● **Provided data**

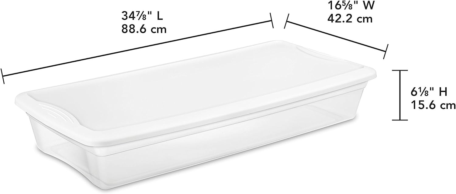 Sterilite 19608006 Underbed Box Storage 41 Quart See Through Base White Lid
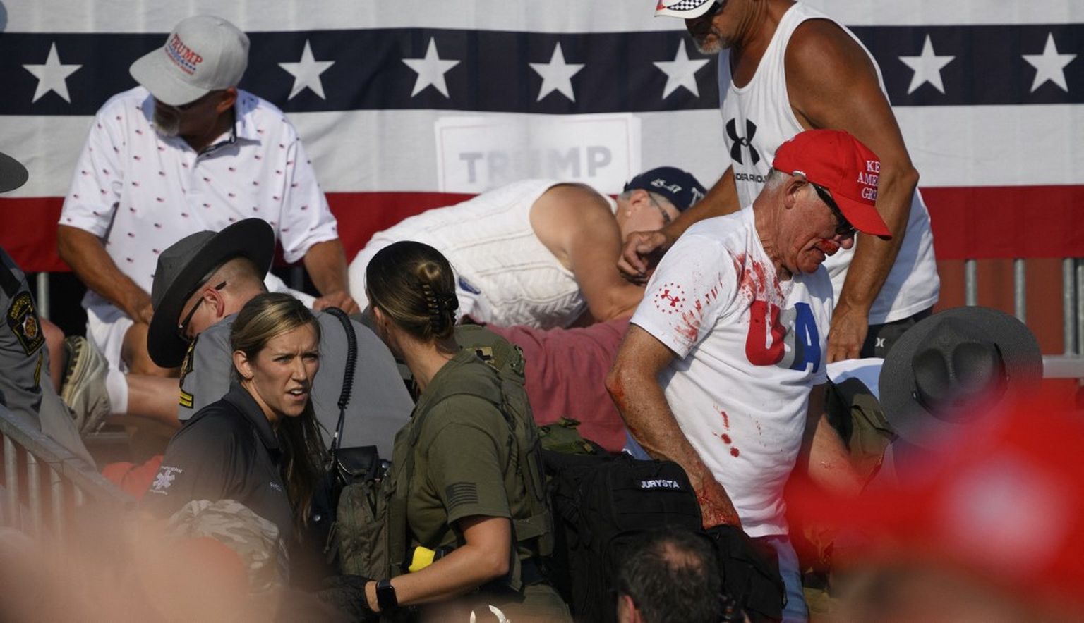 • Agenti odvode ozlijeđenog DOnalda trumpa na sigurno nakon pucnjave na njegovom skupu Foto: Afp
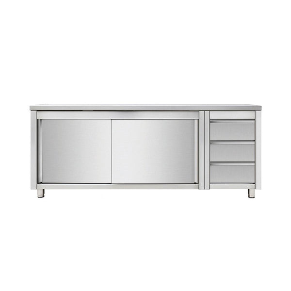 Arbejdsskab med skydelåger og skuffeblok til højre, rustfrit stål - 1600 x 700 x 850
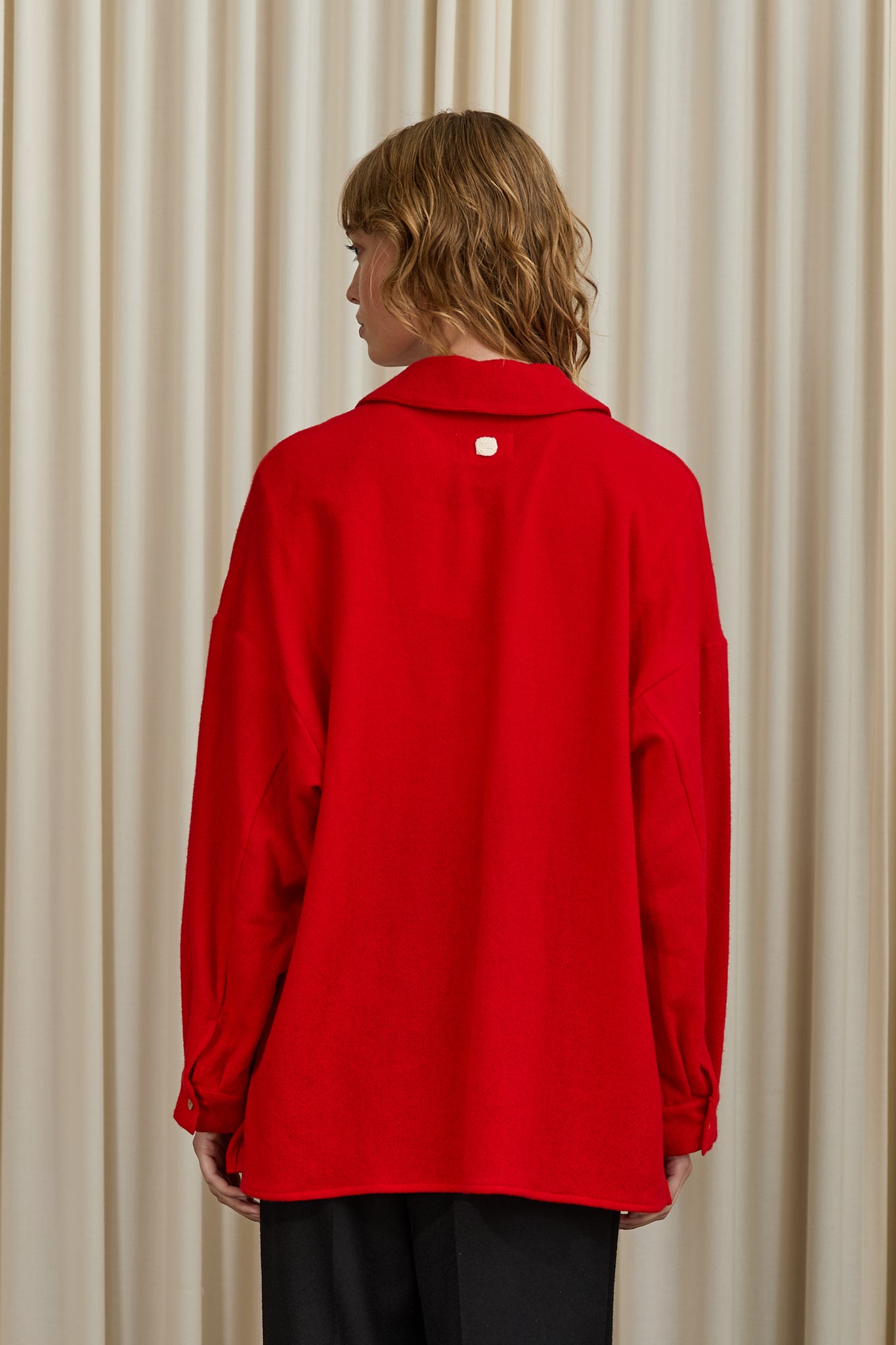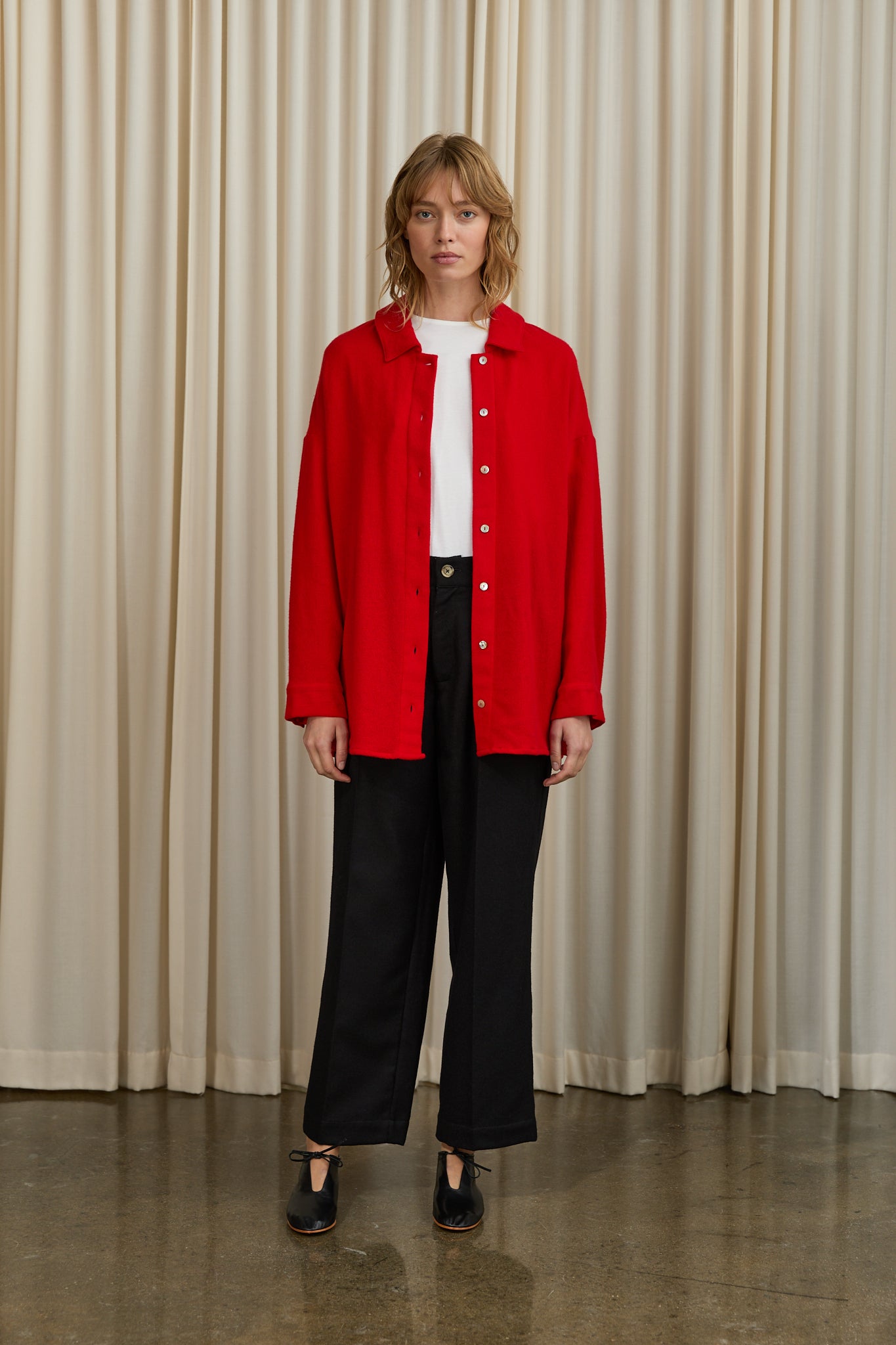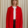 Oversized long sleeve shirt with button cuff. Features classic square collar and dropped shoulders.

● **What to do**
Each line from the first line of the material above through the line containing "Arbejdsskab med skydelåger" is to be reproduced exactly, with both ends kept and pictures left out.

● **The answer**
 Sterilite 19608006 Underbed Box Storage 41 Quart See Through Base White Lid
 • Agenti odvode ozlijeđenog DOnalda trumpa na sigurno nakon pucnjave na njegovom skupu Foto: Afp
 Arbejdsskab med skydelåger og skuffeblok til højre, rustfrit stål - 1600 x 700 x 850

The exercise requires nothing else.